“As the prospect of a Greek exit overhangs the (European) Union, increased pressure on asset-owners is likely going to lead to fire-sales.”
~Macquarie analysts Emil Wolter and Aniel Mahtani
Investment banks are eagerly looking to the economic woes in Europe. Governments, businesses and individuals are potentially very vulnerable and where are distressed assets….there is much money to be made. It’s not a complicated idea; buy cheap and sell high. There will be pressure on European governments to further privatize public assets and assets will be bought by private equity companies intent on returning shareholder value to their billionaire investors. Those profits will come off the backs of working class Europeans.
From the Sydney Herald HERE:
According to Cohn, Europe’s total bank deleveraging could exceed $US2 trillion and Goldman Sachs is “well-positioned to intermediate these asset sales”.
“We believe that Europe and the growth markets will present compelling opportunities for the firm,” he said.
Cohn said the assets put up for sale were expected to be under-pressure debt securities backed by distressed assets.
Asked about a potential breakup of the eurozone amid severe financial strains, Cohn recalled that Goldman Sachs had “dramatically reduced” its European exposure.
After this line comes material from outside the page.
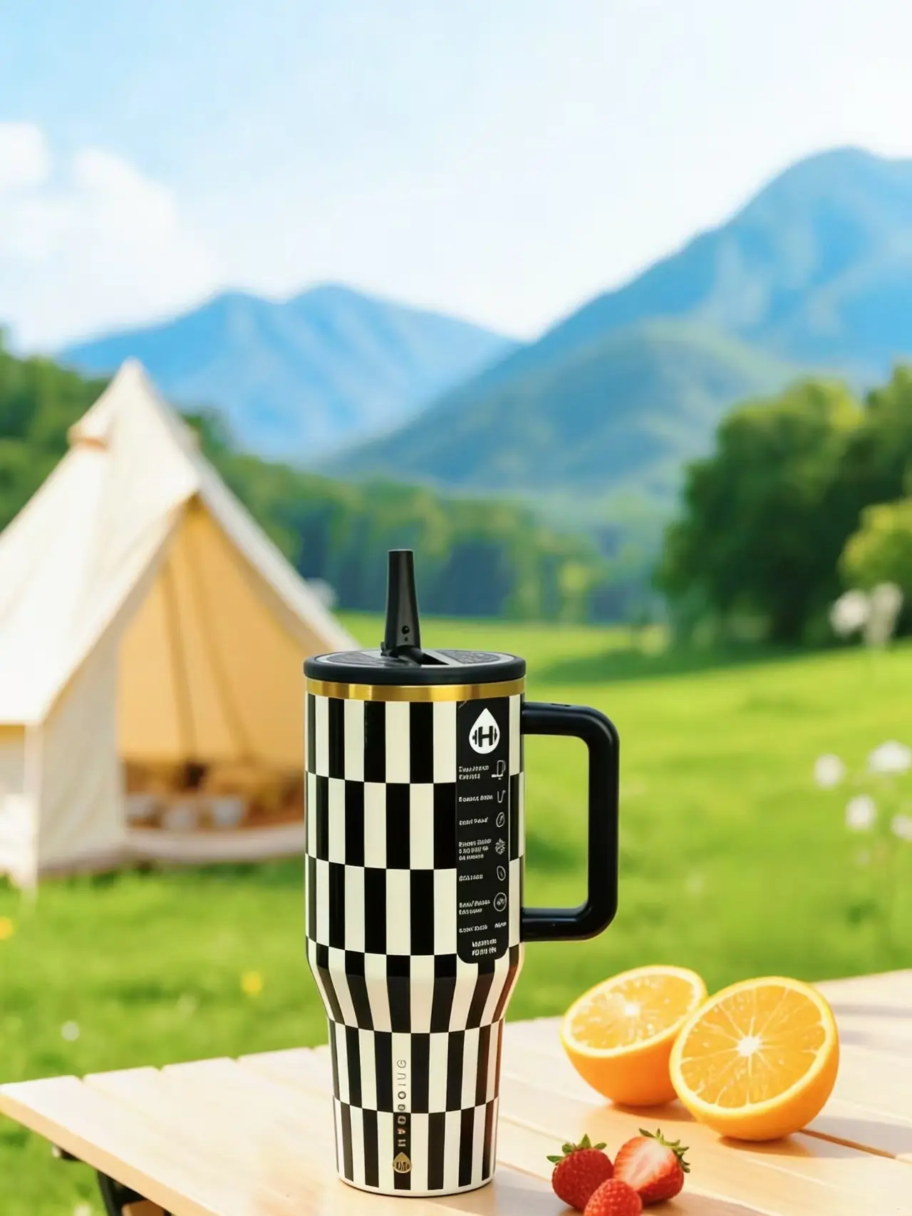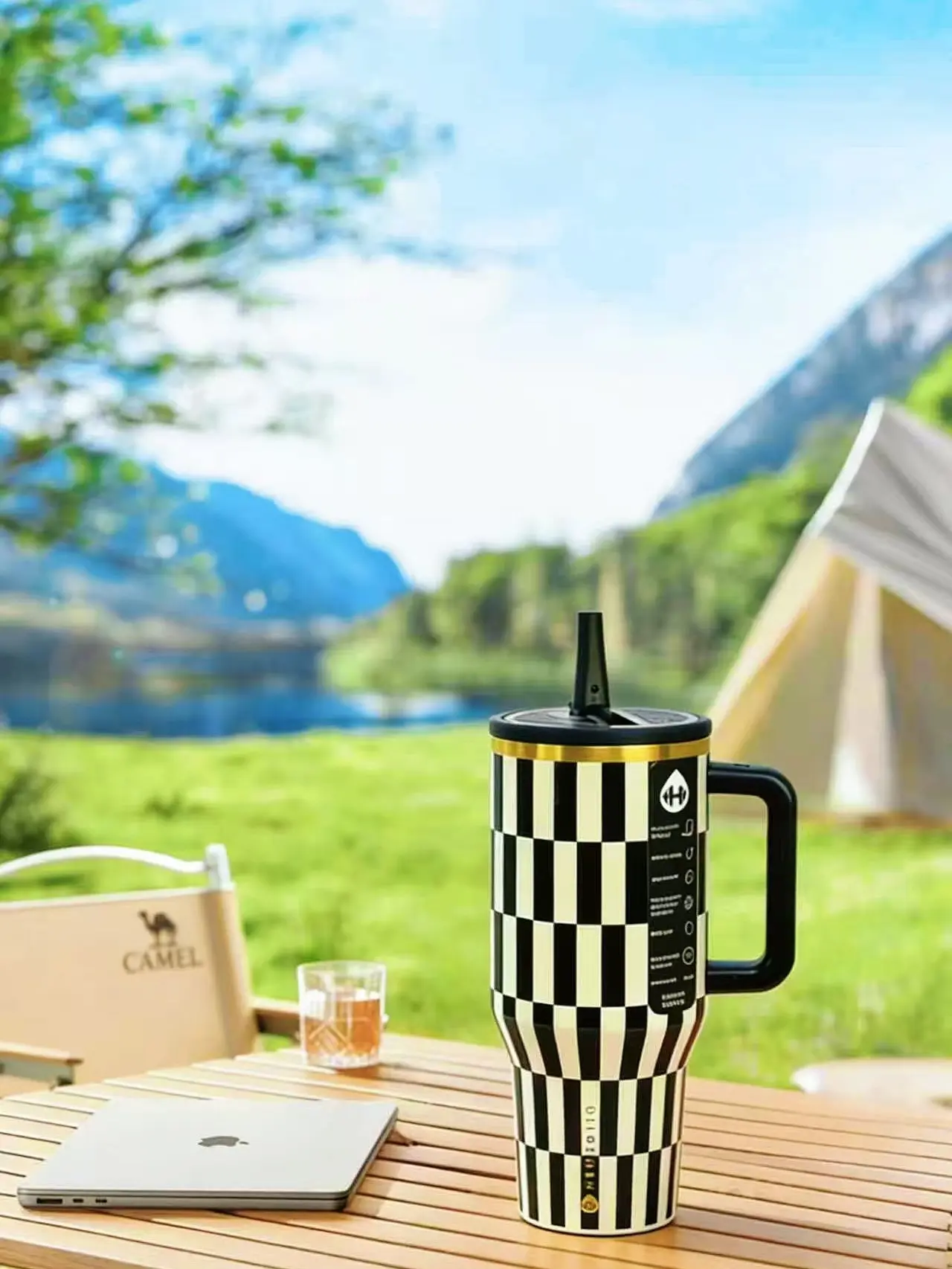 HydroJug 40oz Trendy Checkerboard 40oz Tumbler with Handle, Insulated Stainless Steel Water with Straw, Leakproof Lid for On-the-Go Hydration & Outdoor Adventures Drinkware Flasks Bottled Mug Portable travel beverage coffee gourd bottle Engine-Themed

The Wall Street Journal adds HERE:
The Australian bank said Asian buyers with deep pockets and low costs of capital are the most likely buyers in European fire sales. Macquarie thinks sectors such as infrastructure, industrials and telecoms, media and technology are the most attractive for Asian acquirers, as they offer the opportunity for Asian companies who may be seeing their margins squeezed at home to buy value-added technology and brands on the cheap, while giving them the chance to diversify geographically.
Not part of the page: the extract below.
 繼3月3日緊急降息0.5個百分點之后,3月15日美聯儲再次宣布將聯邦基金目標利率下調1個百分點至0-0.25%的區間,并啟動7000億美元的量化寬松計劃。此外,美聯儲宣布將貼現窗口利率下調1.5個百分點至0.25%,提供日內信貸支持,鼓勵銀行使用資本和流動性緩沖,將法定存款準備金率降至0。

In addition, European jurisdictions have the added safety of being well-regulated, and offer stable returns at good valuations. State-backed firms can also try to bolster their geopolitical influence through strategic acquisitions.
Macquarie says in absolute value terms, European assets are extremely cheap given how far share prices and the euro have fallen.
Reuters adds HERE:
Currency weakness and share price declines in Europe are drawing Asian investors seeking to acquire brands with global reach and gain access to higher-value technologies.
Distressed assets in the infrastructure, industrial, and technology, media and telecommunications sectors are most likely to attract Asian companies, Macquarie said.